Patthanamthitta is a district about 60 kilometers from Kottayam, the heart of the Syrian Christian, the original brahmanical convert to Christianity. About 40 kilometer from the town is the heart of Ayappa, the Hindu God. The land relations here are different as the dominant community here is the upper caste Christians. What their role is in the entire struggle of the Dalits, I ask Raghu. ' Oh, like any other feudal, the Syrian Christians also are not interested in the battle of Dalits. Dalits here have separate churches for them.' The Solidarity Committee members like Simon John, who is also Chairman of Backward People Development Corporation, Kerala concede that the original Brahmin converts to Christianity have not left their old prejudices in the Church and therefore are not very keen in supporting the movement of the Dalits and tribal in Chengara. Like the CPM cadre, many of them too feel that the Dalits and tribal have 'encroached' the government land, though it is another matter that they all forgot that Harrison Plantation has been the biggest encroacher and was overstaying at the place.
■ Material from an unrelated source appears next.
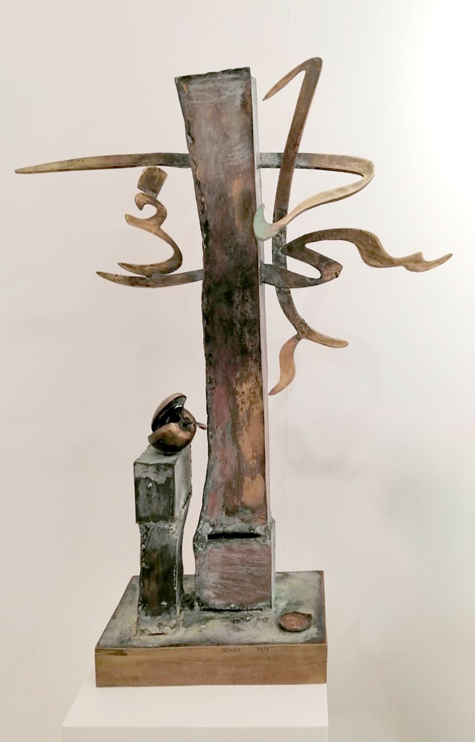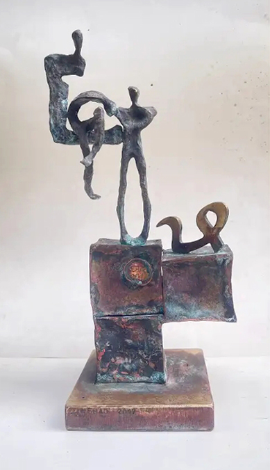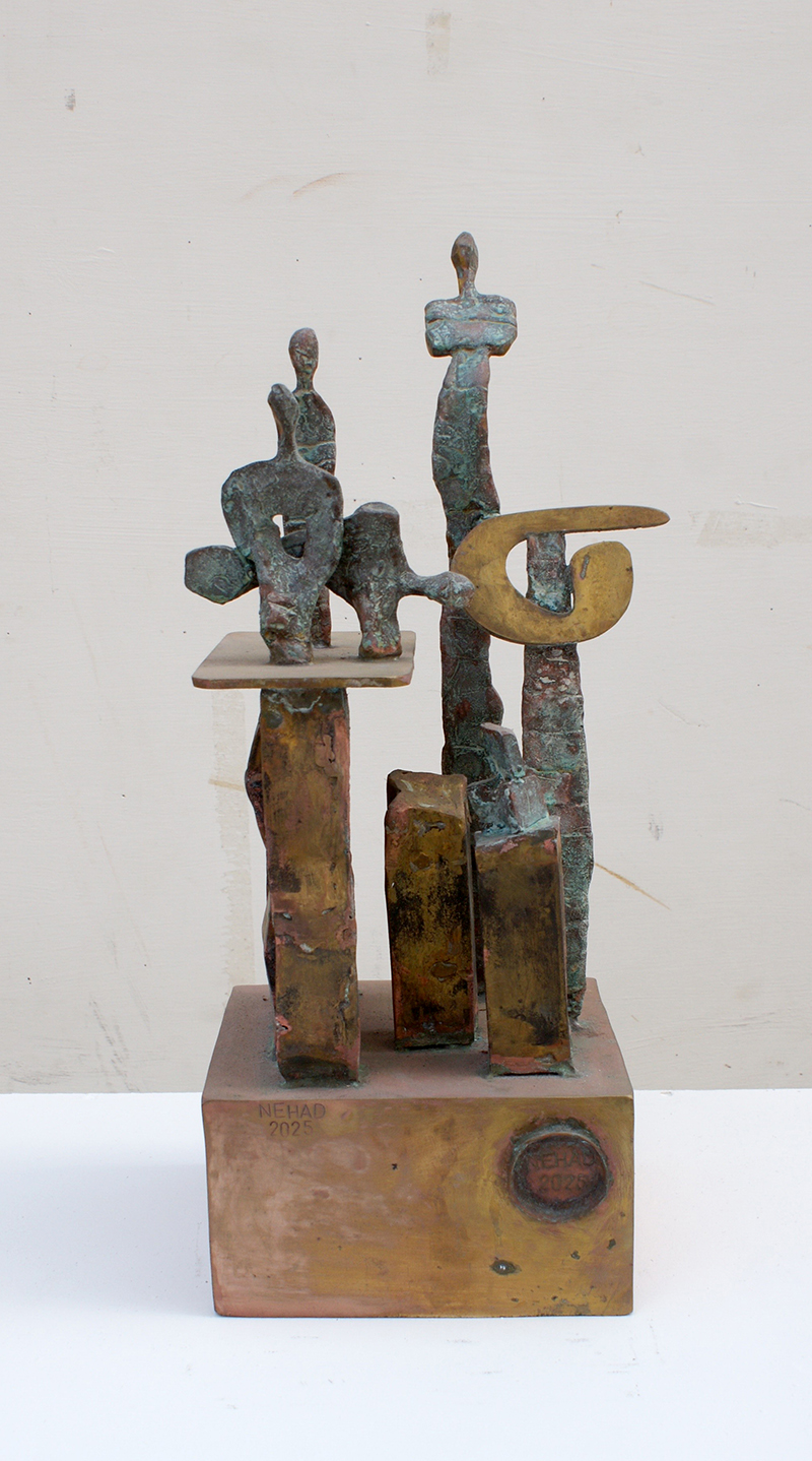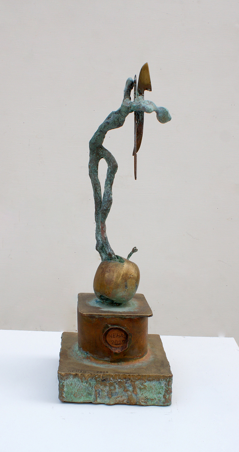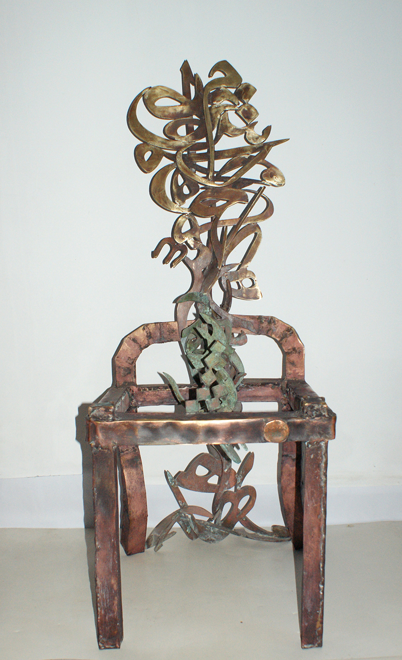 Sculptural Sounds The presence of the Arabic letter as a common denominator in all the sculptures appears as though it were an element parallel to the figures (the present – the absent). At times, it is presented as a fundamental component of the artwork, and at other times it functions as a symbol of something beyond itself. Here, the visual scene operates through the alphabet of the letter and its symbolic connotations. The harmony between the letter (sound – form) and these symbols, which parallel its pronunciation, acts as a complement in enriching the subject and leading it into the realm of symbols (semiology). Nehad Al Azzawi

It is also shocking that Kerala did not have substantial land reform and all talks of a Kerala module in the developmental text books are big farce if one visit the rural areas of Kerala and speak to Dalits and tribals. A lot is written about Kerala model as a state. Recently a friend wrote to me from London about casteless, dowerless society in Kerala. Yes, I said, Kerala's caste prejudices are hidden underneath like West Bengal since the first thing the communist regime does is to stop the export of information to outside world. More importantly since a large number of writers and authors actually have been sympathetic to the CPM's policies with upper caste mindset, they do not really expose the Kerala myth. It was not just Bengal, Tatas have huge track of land in Kerala in the name of tea gardens and plantation. One should not forget that great Dalit revolutionary Ayyankali emerged in Kerala to fight for the rights of Dalits. It is not for nothing that both Patthanmthitta and Trivendram represent two different kind of dominations that Kerala has : the Christian domination and the Hindu domination. Both these upper elites interest are against the rights of the Dalits and other marginalized communities. They remain caged to their old prejudiced worldview.


 


Laha Gopalan is a determined man. He has seen the traumas of the Dalit communities in the villages where they do not even have land for funeral leave alone for education and houses.  ' The political parties, both at the national and state level have betrayed the cause of the Dalits and tribal,' he says.  ' We started our struggle when people failed to get land by any request. We found that there is no land to them and the government wanted to further the lease at the area which was being used by the Dalits and tribal. Our historic struggle started last year as 7000 people captured the area and started living there. One should have expected that the communist parties which have raised the slogans of ' jo jameen sarkari hai, wo jameen hamari hai, ( Government land is our land) today are strangely at the other end. There is no hope in the sight as the trade unions are determined to take law in their own hand and kill people with chief minister virtually becoming a 'Dhritrastra'.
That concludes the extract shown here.